Some of the most common models used to predict undergraduate academic performance in Latin America are Tree-Based Algorithms -such as Gradient Boosted Tree and Random Forest- and the Multilayer Perceptron (^{Salas-Pilco & Yang, 2022}). Accordingly, studies within the reference literature have also shown that ensemble methods tend to outperform individual algorithms (^{Contreras et al., 2022}). Regarding prediction accuracy, there are certain differences depending on the specification of the target variable, namely if academic performance is defined at the course level -rather than the degree or year level- accuracy tends to be higher (^{Alyahyan & Düştegör, 2020}).

In Peru, only research at the primary education level integrates administrative and census data (^{MINEDU, 2022}; ^{Infante & Rojas, 2021}). University research relies on university academic records, limiting use for admissions and scholarships. When background data is considered, it often focuses on specific academic programs (^{Saire, 2023}; ^{García, 2021}). Furthermore, most studies predict course or year success, not overall academic performance (^{Puga & Torres, 2023}; ^{Incio et al., 2023}; ^{Menacho, 2017}), limiting policy applications. Studies that consider data at a single point in time also face the problem of “concept drift”, namely, a high risk of disconnection between the training data and new rounds of real-life data in a changing environment (^{Mathrani et al., 2021}). Some studies incorporate ad hoc student surveys with small datasets (<100 observations), affecting model generalizability (^{Incio et al., 2023}; ^{García, 2021}).

In the literature, ML studies predicting undergraduate academic performance in LMICs often face one out of three limitations: (i) they focus on specific programs or courses, limiting their applicability for university policies; (ii) they lack access to students’ prior academic performance and background information; and (iii) they rely on achievement indicators, causing conceptual inconsistencies in measuring academic performance. This study contributes to this literature by predicting the academic performance of all undergraduate students admitted through the two primary admission channels at PUCP. This prediction relies on a novel database that integrates comprehensive prior and current academic information from both administrative and census data. The study has developed a tailored model to address the key tasks associated with predicting undergraduate academic performance.

4. Method

This research uses a qualitative variable, membership in an academic performance group, to predict students’ academic performance. The selection of ML models was guided by two criteria: choosing models with the best performance metrics in previous studies on predicting undergraduate academic performance in LMICs (^{Salas-Pilco and Yang, 2022}; ^{Sekeroglu et al., 2021}; ^{Infante & Rojas., 2021}) and prioritizing models with higher prediction accuracy for smaller datasets. The selected models include Logistic Regression, Ridge, Lasso, Random Forest, and Extreme Gradient Boosting^¹.

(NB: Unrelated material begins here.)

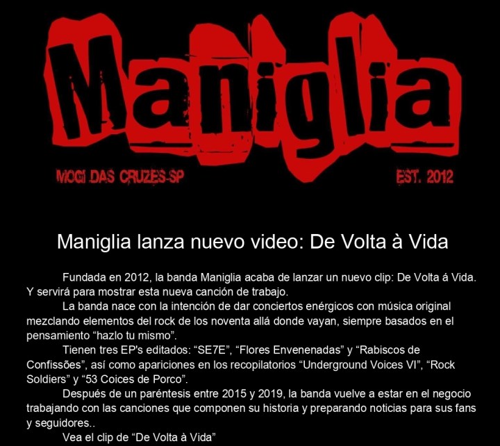 Rock and roll puro en “De volta à vida”, la nueva canción de la banda brasileña Maniglia que invita a conocer más sobre ellos y su trabajo. Texto y video a continuación.

Ridge regression is a linear regression technique that mitigates overfitting by introducing regularization, which is particularly beneficial for addressing multicollinearity (high predictor correlation). It appends an L2 regularization term to the linear regression cost function, discouraging large weights on predictors, effectively “shrinking” coefficients towards zero, reducing sensitivity to outliers and multicollinearity. In contrast, Lasso, another regularized linear regression technique, employs L1 regularization, which possesses feature selection capabilities. It can drive irrelevant predictor coefficients to exactly zero, resulting in a sparse and interpretable model (^{James et al., 2013}).

Random Forest is a tree-based ensemble ML model that uses bootstrap training samples. It employs a random subset of predictors when considering splits, addressing high correlation between individual trees. By drawing different training sets, the Random Forest model ensures diverse feature sets for the base trees. With a small “m” value, correlation between trees decreases, useful when dealing with highly correlated predictors. During prediction, Random Forest combines tree results via majority voting (classification) or averaging (regression) (^{James et al., 2013}). Finally, the Extreme Gradient Boosting model builds an ensemble of decision trees sequentially, where each tree corrects the errors made by the previous ones. Like the regularized linear regression techniques, Extreme Gradient Boosting incorporates L1 and L2 regularization terms into the objective function to control the complexity of individual trees and avoid overfitting.

We evaluate the selected models using key classification performance metrics: Accuracy, AUC ROC, and F1. Firstly, Accuracy, representing the proportion of correctly classified observations, is straightforward but not ideal for imbalanced learning. Imbalanced learning occurs when models are trained on datasets with unevenly distributed prediction categories, leading Accuracy to overestimate the capability of models predicting the most common class. Secondly, AUC ROC (Area Under the Curve ROC) is more suitable for imbalanced learning. It assesses the models’ ability to make class predictions across all possible thresholds considering probabilistic predictions. Probabilistic predictions range between 0 and 1, and a 0.5 threshold is commonly used to convert probabilities into classes. Thirdly, F1, the standard metric for imbalanced learning, is the harmonic mean between precision and recall. Precision measures correct positive predictions among all positive predictions, while recall represents the number of correctly identified positive observations. Consequently, F1 penalizes false positive and false negative instances.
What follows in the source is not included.